When to Write Code Yourself and When to Let the Model Do It

The AI vs traditional coding framing is wrong because it implies a binary choice that nobody operating in a real codebase actually makes. The practical question isn’t whether to use AI for coding, most engineers are using it already it’s which parts of the codebase benefit from AI generation and which parts require human authorship to stay maintainable and correct. That’s a design decision, not a philosophical one.

The framework that works in practice is based on three variables: how well-specified the problem is, how isolated the code is from the rest of the system, and how critical the failure modes are. Code that scores high on all three, well-specified, isolated, low-stakes is a good candidate for AI generation. Code that scores low on any of them requires more human involvement. The vibe coding boundary is essentially this same framework applied at the project level.

Let the Model Write This

Boilerplate and scaffolding are the clearest AI generation use case. Test file setup, configuration files, standard CRUD implementations, type definitions for well-understood data structures, and repetitive utility functions all generate well and don’t require deep understanding to review. The cost of getting these wrong is low and the cost of writing them manually is real time with no learning value.

Transformations on well-defined data structures are another safe delegation. If you know exactly what the input looks like and exactly what the output should look like, AI generation of the transformation logic is reliable. Write the test cases first which you should be doing anyway and use AI to generate the implementation that passes them. This is AI-assisted automation at its most effective: clear inputs, clear outputs, testable behavior.
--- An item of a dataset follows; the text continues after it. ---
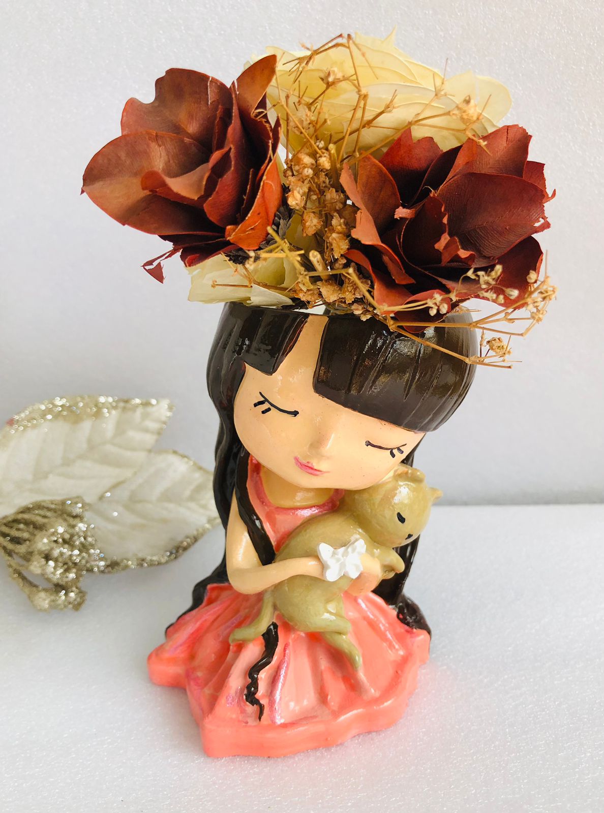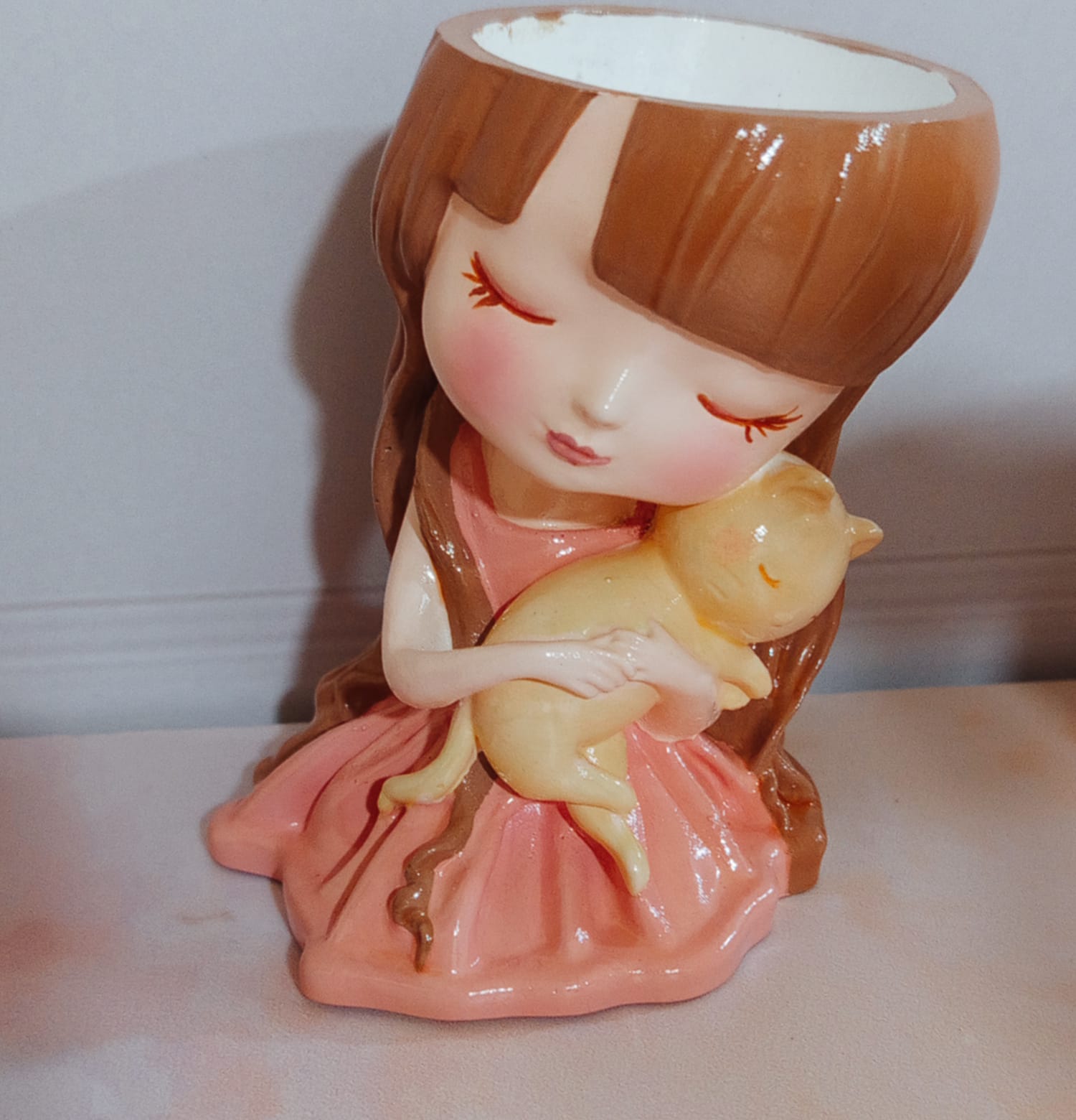 Macetita Nina con Gato, material cemento blanco, altura 10cm, peso 370g

Documentation and comments for code you’ve already written are an easy win. The model has the code in context and generates accurate documentation more reliably than it generates correct logic. Docstrings, README sections, and inline comments for complex operations are all good AI generation candidates.

Write This Yourself

Authentication and authorization logic requires human authorship. The failure modes are security vulnerabilities and the testing surface is adversarial rather than functional. AI-generated auth code may look correct and pass unit tests while containing subtle vulnerabilities that only surface under specific attack patterns. This is not a hypothetical — it’s a documented pattern in AI code generation. Write it yourself, have it reviewed, and test it against known attack patterns.
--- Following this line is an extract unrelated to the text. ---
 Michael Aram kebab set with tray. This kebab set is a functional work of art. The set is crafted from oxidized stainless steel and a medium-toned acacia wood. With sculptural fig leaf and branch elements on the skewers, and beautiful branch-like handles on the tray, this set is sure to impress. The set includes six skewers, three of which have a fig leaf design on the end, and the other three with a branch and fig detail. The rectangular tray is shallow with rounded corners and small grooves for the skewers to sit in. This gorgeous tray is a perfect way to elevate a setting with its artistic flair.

Core business logic that encodes domain rules needs human authorship because the requirements exist in human context that the model doesn’t have. A billing calculation, a regulatory compliance check, or a domain-specific validation rule requires understanding the business intent behind the code, not just the technical implementation. AI generation of business logic produces code that satisfies the literal specification while missing the intent, and those bugs are hard to catch in review.

Concurrency and state management in critical paths require full human understanding before shipping. Race conditions, deadlocks, and consistency failures under concurrent load are subtle enough that even human-written code gets them wrong. AI-generated concurrent code gets them wrong more reliably and in ways that are harder to detect. Knowing where AI-generated code fails in production means knowing this category specifically.

The Review Standard Changes

How thoroughly you review AI-generated code should scale with how critical the code is, not with how confident the AI seemed when it generated it. Boilerplate review is a quick sanity check. Business logic review is the same process as reviewing a junior developer’s PR. Security-sensitive code review requires adversarial thinking regardless of who or what wrote it.

The practical workflow: generate, run the tests, read the code with the question “what would have to be true for this to fail?” in mind, and ship the parts that pass that filter. The parts that don’t pass it need rewriting rather than iterative prompting. More prompting on fundamentally wrong code produces more wrong code.